La parabola intellettuale, gnoseologica di Italo Calvino – in uscita dai nidi del Neorealismo, verso forme di rappresentazione fantastiche, cosmogoniche, anzi cosmocomiche – è rappresentativa di un modo di intendere e utilizzare il linguaggio, il segno, che non può prescindere dalla dimensione visuale, immaginativa integrandosi ad alcune delle estetiche, delle filosofie più importanti del Secondo dopoguerra. Del resto già i personaggi e la vicenda de Il sentiero dei nidi di ragno trascendono il discorso neorealista verso qualcosa di icastico e avventuroso.
Sono le connotazioni strambe, quasi fiabesche del distaccamento partigiano in cui Pin si ritrova ad agire (e a sopravvivere), cantilenando, canzonando «quella storia di sangue e corpi nudi che è la vita degli uomini»: cuochi con uccello sulle spalle come in un libro di pirati (ma al posto di un pappagallo qui c’è il falco accoccolato sulla figura mencia, mortificata di Mancino); capitani maledetti, consumati dalla fatica della guerriglia eppure ancora capaci di bramare una donna; il manipolo randagio, rognoso di cognati calabresi; il Cugino, possente, bonario; l’intrepido Lupo rosso, ecc. Tutto un repertorio di personaggi stilizzati, balzani, che sembrano usciti da un libro d’avventura (e vi rientreranno, a partire dal Visconte dimezzato) piuttosto che da un romanzo resistenziale; o da un film che accolga, per forza di cose (per forza icastica di cose), la forte spinta stilizzante e connotativa calviniana: qualcosa come un Capitan Blood di Curtiz, l’altro mondo eretto dal vecchio cinema americano verso cui Calvino si sente incline.

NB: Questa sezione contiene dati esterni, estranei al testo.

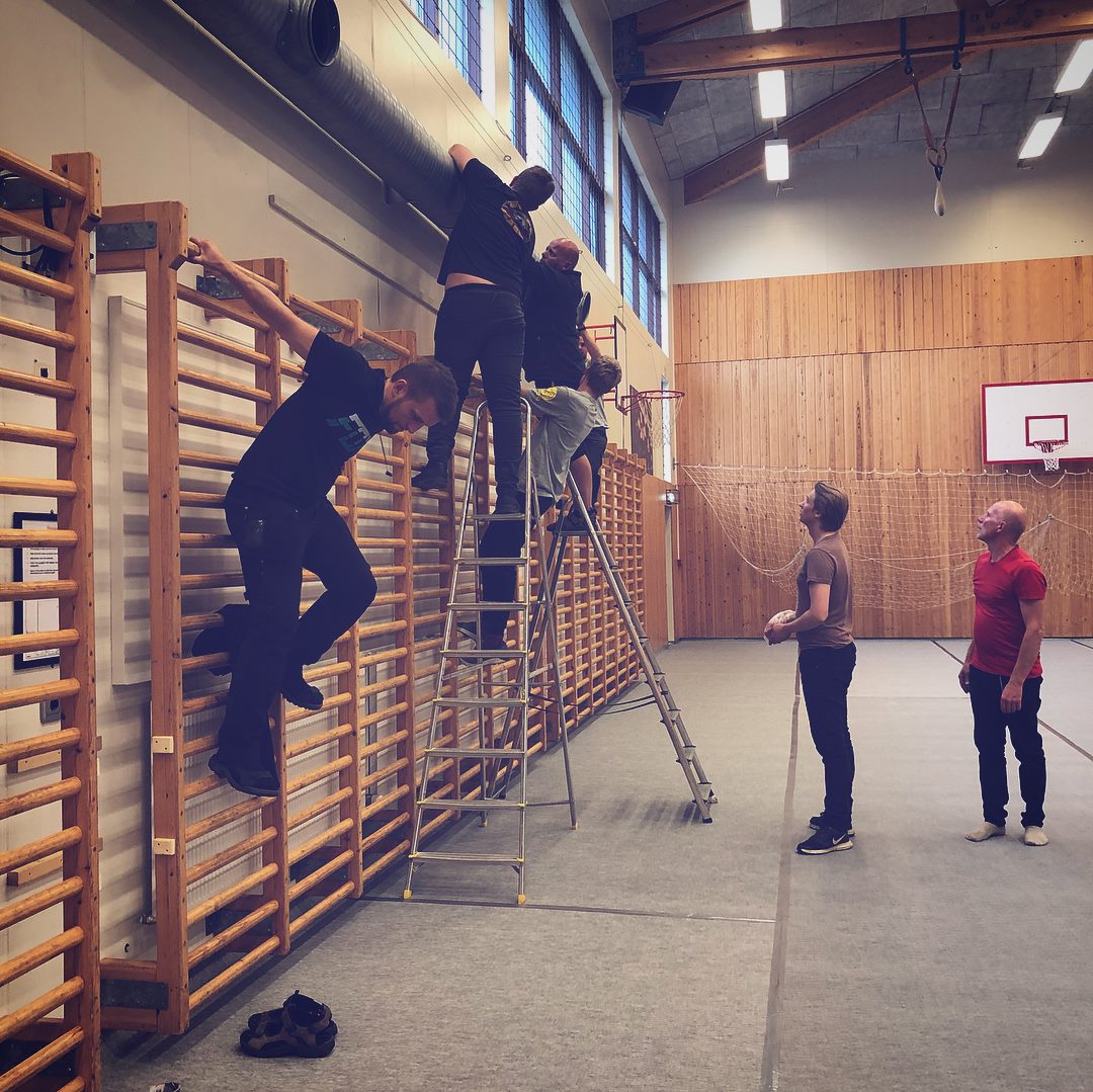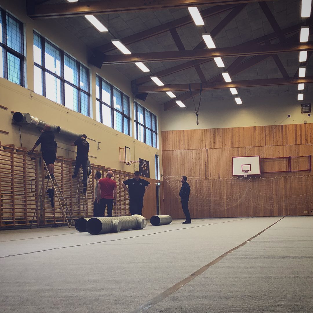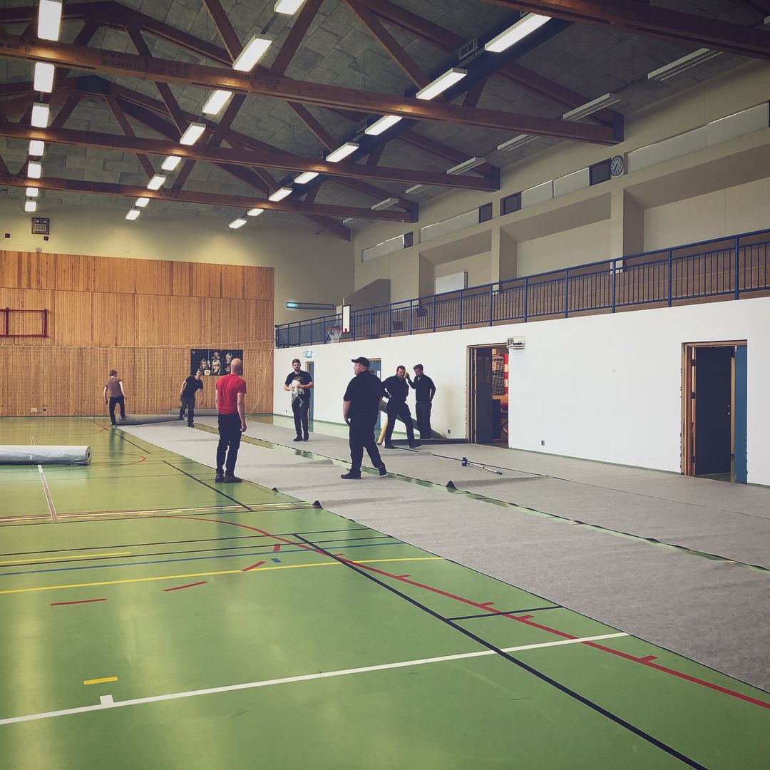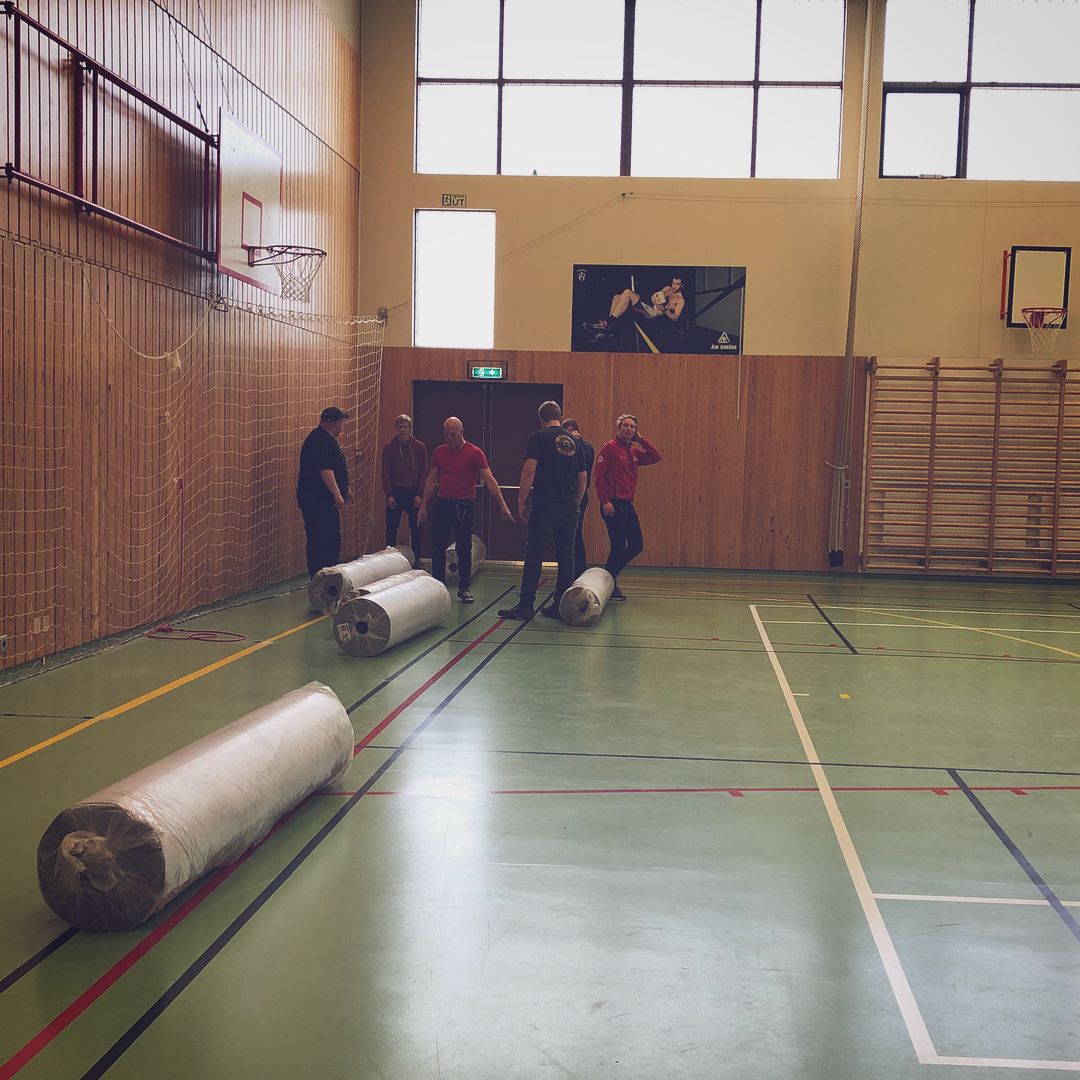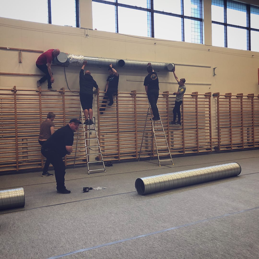 Nú er allt að gerast, í gærkvöldi byrjaði uppsetning Handverkshátíðarinnar 2018. En þá mættu til leiks galvaskir drengir frá björgunarsveitinni Dalbjörg og húsverðirnir okkar og skelltu nýja teppinu á íþrótta salinn og hengdu upp auka loftræstikerfi svo sýnendur og gestir hafi það sem allra best meðan þeir rölta um salinn hjá okkur í sumar. Við þökkum strákunum kærlega fyrir vel unnið verk.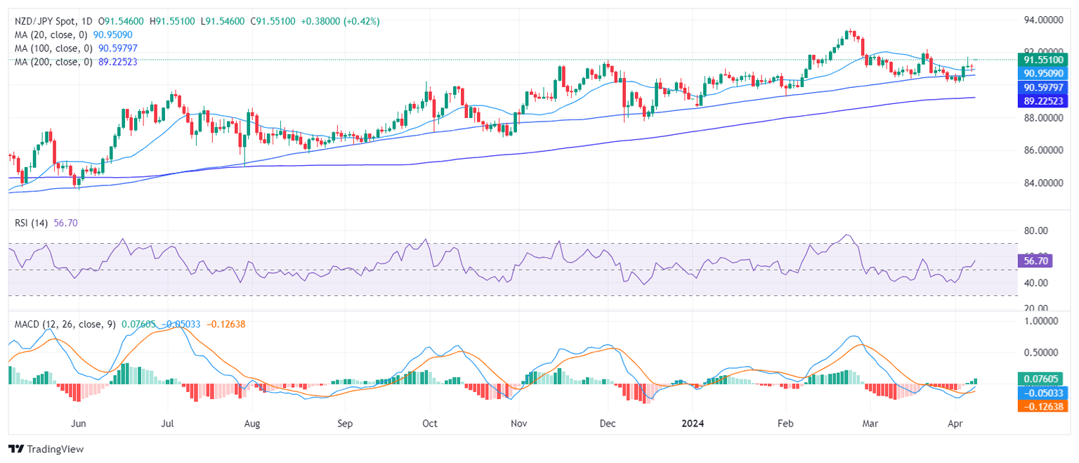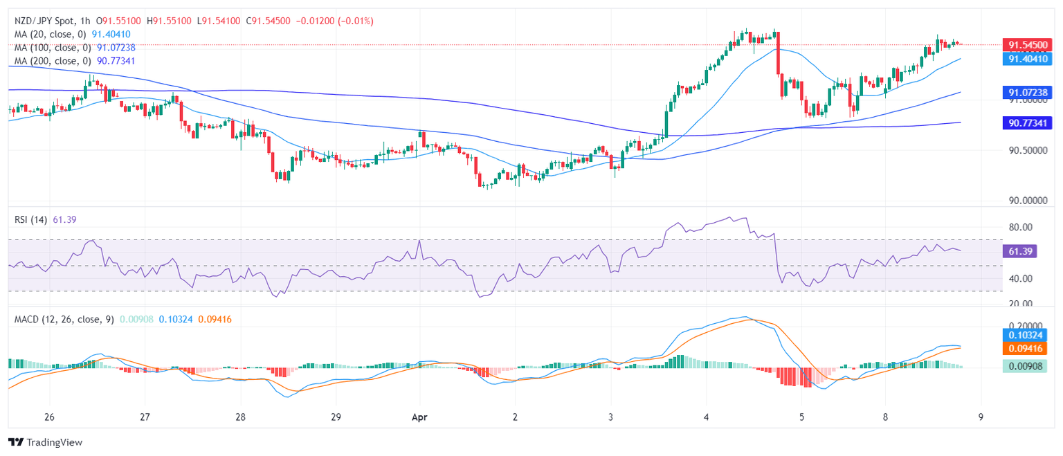 The NZD/JPY pair, currently trading at 91.57, is recording gains of 0.45%, indicative of a reinforced bullish momentum. Positioned above key Simple Moving Averages (SMAs), the bullish sentiment endures, despite intermittent signs of momentum loss on the hourly chart as buyers seem to have already given it all for Monday’s session. Indicators on the daily chart remain positive.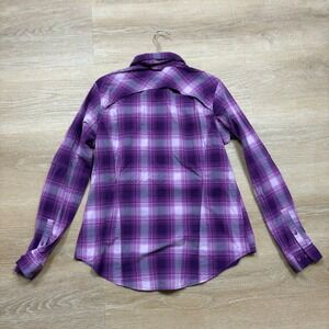 Duluth Trading Co plaid long sleeve button up shirt for women. This shirt features a vibrant purple and grey plaid pattern with a comfortable fit. Designed with practicality in mind, it includes a secure zippered pocket on the chest for storing essentials. The breathable fabric and classic button-up style make it perfect for outdoor adventures or casual everyday wear.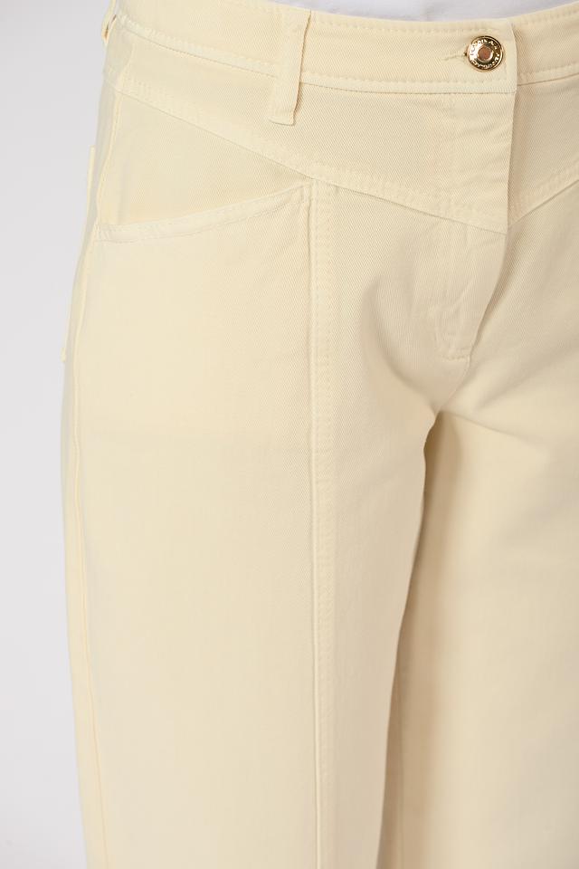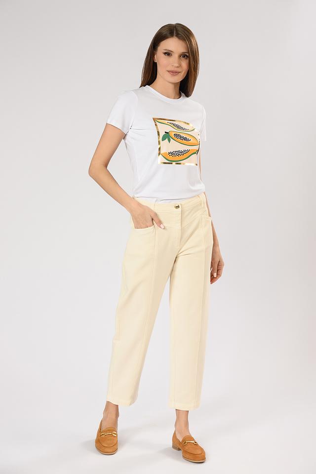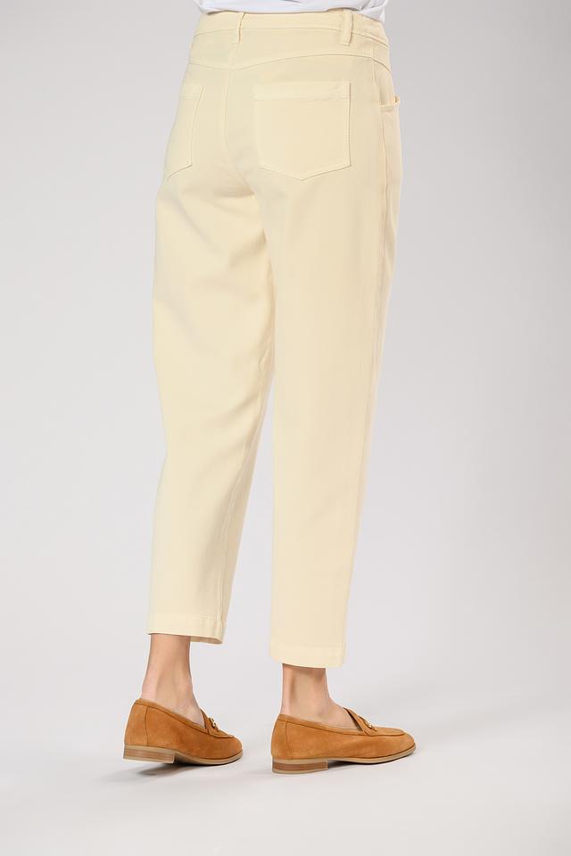 Брюки имеют завышенную талию, что визуально удлиняет ноги и создает более пропорциональный силуэт. Застежка на пуговицу и молнию обеспечивает надежную фиксацию. На брюках предусмотрены боковые и задние карманы.

Ecco, il cinema per l’appunto, presenza costante, rigenerante nell’esperienza dello scrittore ligure, ma anche possibile fonte di ispirazione per registi, sceneggiatori, scenografi; tant’è che, entrando non casualmente nel genere (e poi, in qualche modo, nel postmoderno) e lambendo il nostro tempo, viene da pensare a un film come Freaks Out e da chiedersi se la banda di partigiani fantastici, freaks di Mainetti, non siano i diretti, perfetti discendenti di Dritto, Giglia, Mancino e tutti gli altri. Ora, questa propensione iconologica, contemplativa della poetica calviniana è al centro di un volume uscito per Mondadori a cura di Marco Belpoliti, il quale, come spesso accade, com’era accaduto ad esempio in Pasolini in salsa piccante, assume una prospettiva obliqua sull’opera, sull’autore, un guardare a sua volta, un traguardare da altre angolazioni, che rischiara più ampi tratti dell’ecosistema, dell’azione dello scrittore in questione.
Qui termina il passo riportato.